Le Mode Indicatif, l'aîné, était le plus sage, le plus raisonnable. Dénué d'imagination, il se voua à l'étude de ce qui est : la matière, les lois de l'univers, les êtres vivants... Matérialiste et terre-à-terre, il se refusait à évoquer tout ce qui ne lui paraissait pas certain, démontré et irrévocable. Autant dire que l'aîné s'occupa très vite de la gestion de la maisonnée et joua le rôle de remplaçant de ce père absent et monstrueux. Évidemment, ses frères s'offusquèrent rapidement de son manque de fantaisie et d'humour et le laissèrent de côté.

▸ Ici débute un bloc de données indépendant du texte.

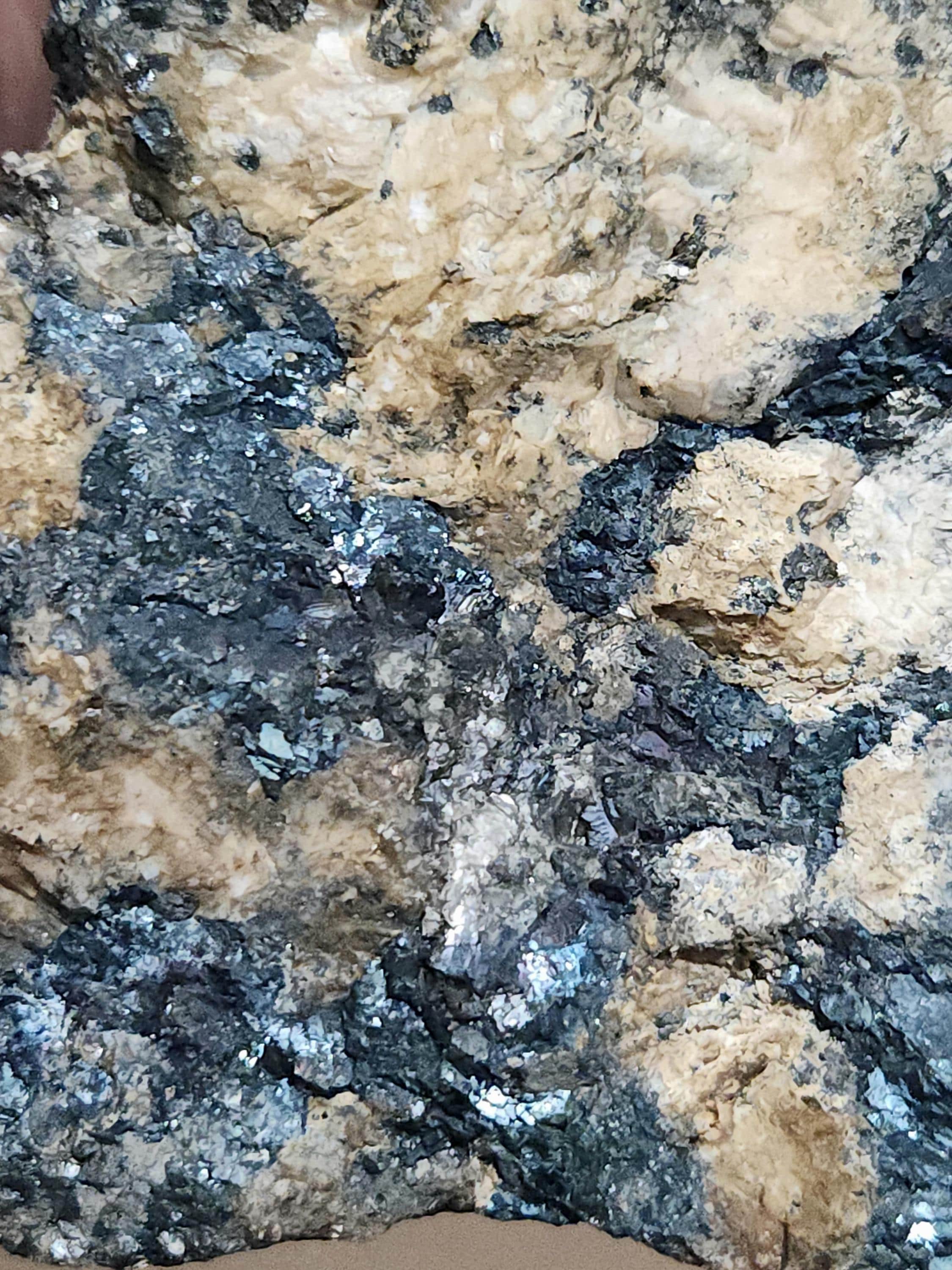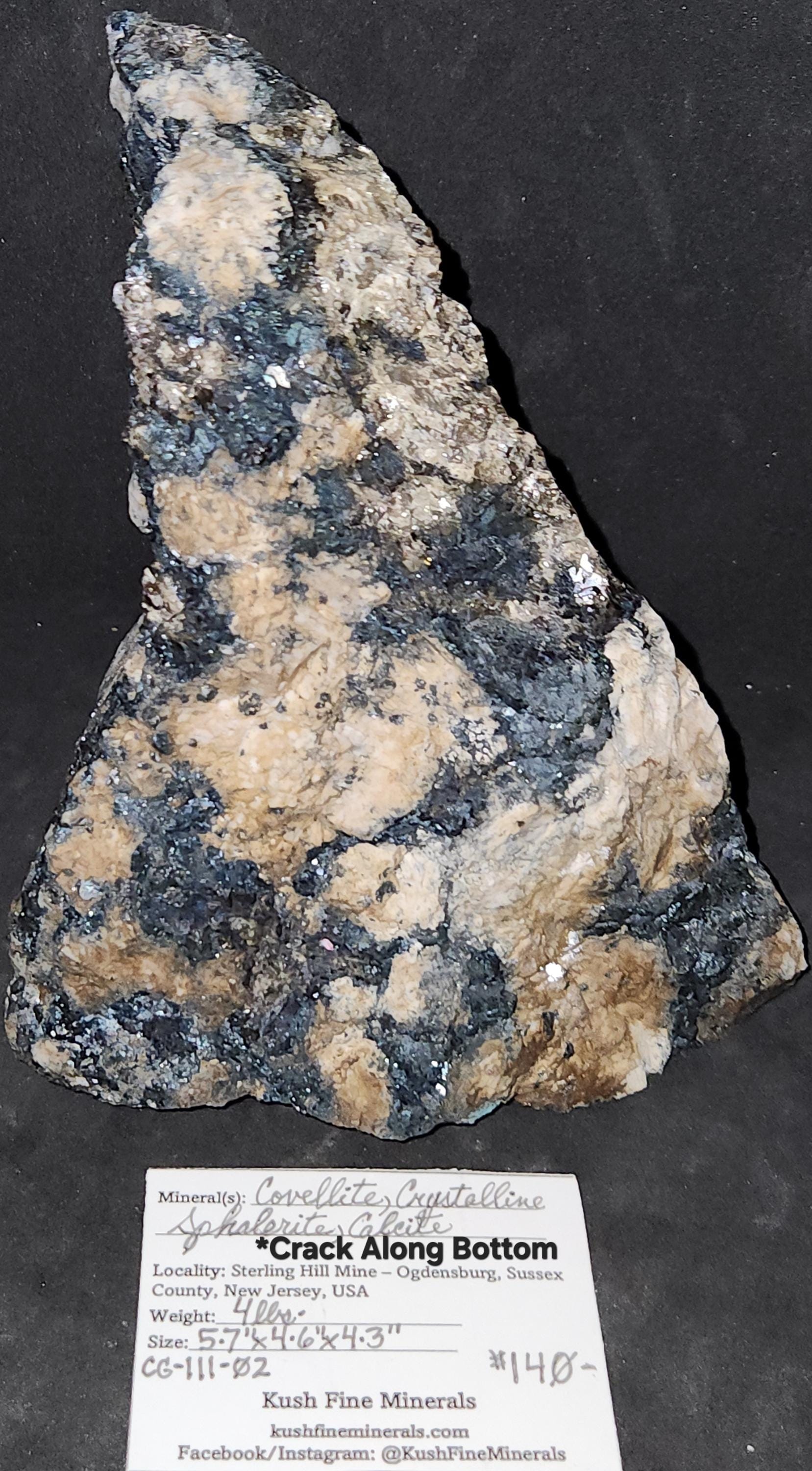With Very Rich Non-Fluorescent, Blue Iridescent Covellite & Grey/Black Chalcocite in Calcite

Les Modes Subjonctif et Conditionnel, en revanche, s'entendirent très bien malgré leurs différences. Dénués de bon sens et de tout le sérieux de leur aîné, ils ne vivaient qu'en imagination, se projetant dans des mondes de rêve, d'hypothèse et de fantaisie. Néanmoins, malgré leur goût commun pour l'imaginaire, une différence de taille les opposait : Subjonctif était craintif, prudent et doutait de tout, même de lui-même, alors que Conditionnel, lui, optimiste et idéaliste, fanfaronnait sans cesse et se vantait de toutes sortes d'exploits et actes héroïques fort improbables qu'il accomplirait plus tard.

Le Mode Impératif, lui, fit très vite parler de lui, et pas en bien, croyez-moi ! Tyrannique, il s'imposa bien vite comme un leader des plus antipathiques, cherchant à tout commander dans la vie de la maisonnée. Mais là où Indicatif travaillait réellement au quotidien afin de gérer la communauté, Impératif multipliait les ordres et les contre-ordres sans pour autant montrer l'exemple. Aussi, à cause de son tempérament autoritaire et colérique, il fut à son tour laissé de côté.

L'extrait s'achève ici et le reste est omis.